Problem description: Using the data below, print exactly the line with "경기에 앞서 삼성 박해민과 카도쿠라 코치가 장난을 치고 있다.", the line with "Implementing RBS training", and every line between them, but none of the pictures.

The records:
_ _ _ _ _
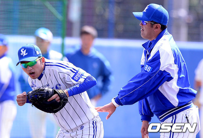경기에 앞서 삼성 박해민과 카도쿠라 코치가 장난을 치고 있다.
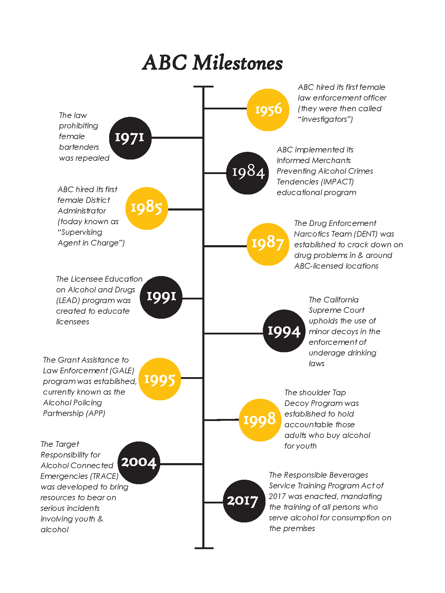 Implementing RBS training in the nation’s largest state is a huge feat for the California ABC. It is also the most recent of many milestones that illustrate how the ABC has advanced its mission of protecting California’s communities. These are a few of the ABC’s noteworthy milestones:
_ _ _ _ _
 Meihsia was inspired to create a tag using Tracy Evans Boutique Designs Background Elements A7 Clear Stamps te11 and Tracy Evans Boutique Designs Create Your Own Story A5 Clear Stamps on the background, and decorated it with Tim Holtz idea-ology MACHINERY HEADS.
_ _ _ _ _
The completed task:
경기에 앞서 삼성 박해민과 카도쿠라 코치가 장난을 치고 있다.
 Implementing RBS training in the nation’s largest state is a huge feat for the California ABC. It is also the most recent of many milestones that illustrate how the ABC has advanced its mission of protecting California’s communities. These are a few of the ABC’s noteworthy milestones:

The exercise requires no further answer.